AI Realism Over AI Hype
More and more I hear that the doomsday theories around AI are, in reality, a game played by CEOs of major AI companies — designed to secure capital investment and justify the enormous valuations of their stocks.
At the same time, discontent is spreading globally, particularly among younger generations. Just recently, a real estate mogul was booed at during a Florida university commencement speech after mentioning AI. In April, a Gallup survey showed that only 18% of Americans aged 18–29 feel “hopeful” about AI. And according to marketing and AI guru Scott Galloway, two of the fastest deteriorating “brands” in 2026 are “AI” and the “USA nation”.
So where does this leave the hotel industry?

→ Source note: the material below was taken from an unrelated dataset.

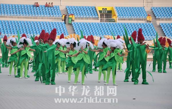 當(dāng)日16時30分許,伴隨著悠揚的鐘聲,文體表演第一章“龍騰歡歌”拉開序幕,幾百名身著盛裝,手拿花環(huán)、紅綢的演員從4個方向快速向市體育場中心表演場地飛奔而去,在音樂聲中盡情舞蹈。表演隊伍中最吸引觀眾眼球的是一群身穿泥泥狗造型服裝的演員,他們獨特的表演十分引人注目。同樣出現(xiàn)在演出現(xiàn)場的還有擔(dān)經(jīng)挑、旱船、竹馬等反映周口獨特文化資源的文化元素,這些無疑成了第一章的最大亮點。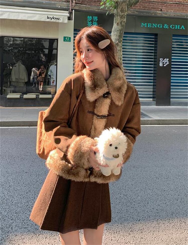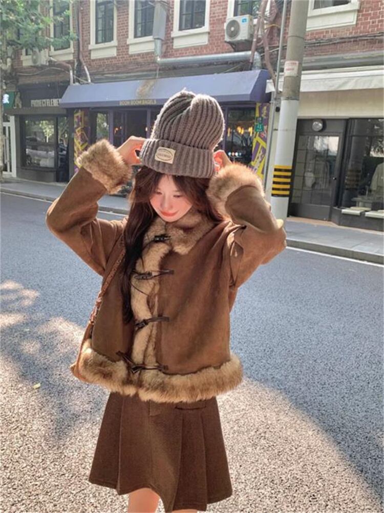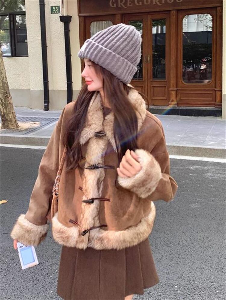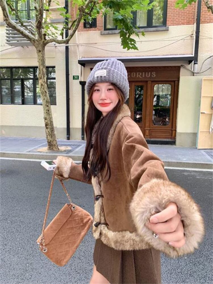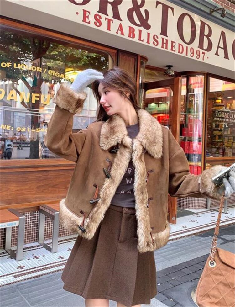 2025秋冬 スエードベストコート ルーズライン 厚地素材 ホーンボタン 冬越し

Hard to say — but to me, one keyword going forward is AI realism.
AI undoubtedly brings tremendous opportunities, and as an outsourced revenue management company for hotels, we will continue to stay at the forefront of technological adaptation. But we must clearly separate distracting hype from meaningful implementation, and always focus on real, measurable ROI.
Revenue Management Pricing Systems have been part of the hotel industry for around 15 years at scale, with many more solutions emerging over the past 5–10 years. And despite the recent AI hype cycle, many of these systems — while valuable and often highly effective — have not fundamentally changed in the last three years. Most remain algorithm-based tools.
That said, many solutions obviously do deliver clear ROI, and when combined with strong strategic execution, hotel performance definitely improves significantly.
The industry should absolutely continue to embrace technology — whether in guest experience, operational efficiency, or commercial performance. But we should not invest in AI for the sake of AI.
One principle in business remains unchanged: smart investments with clear ROI will always win. At berner+becker, we will continue to do what we do best: driving performance through strategic expertise and AI realism.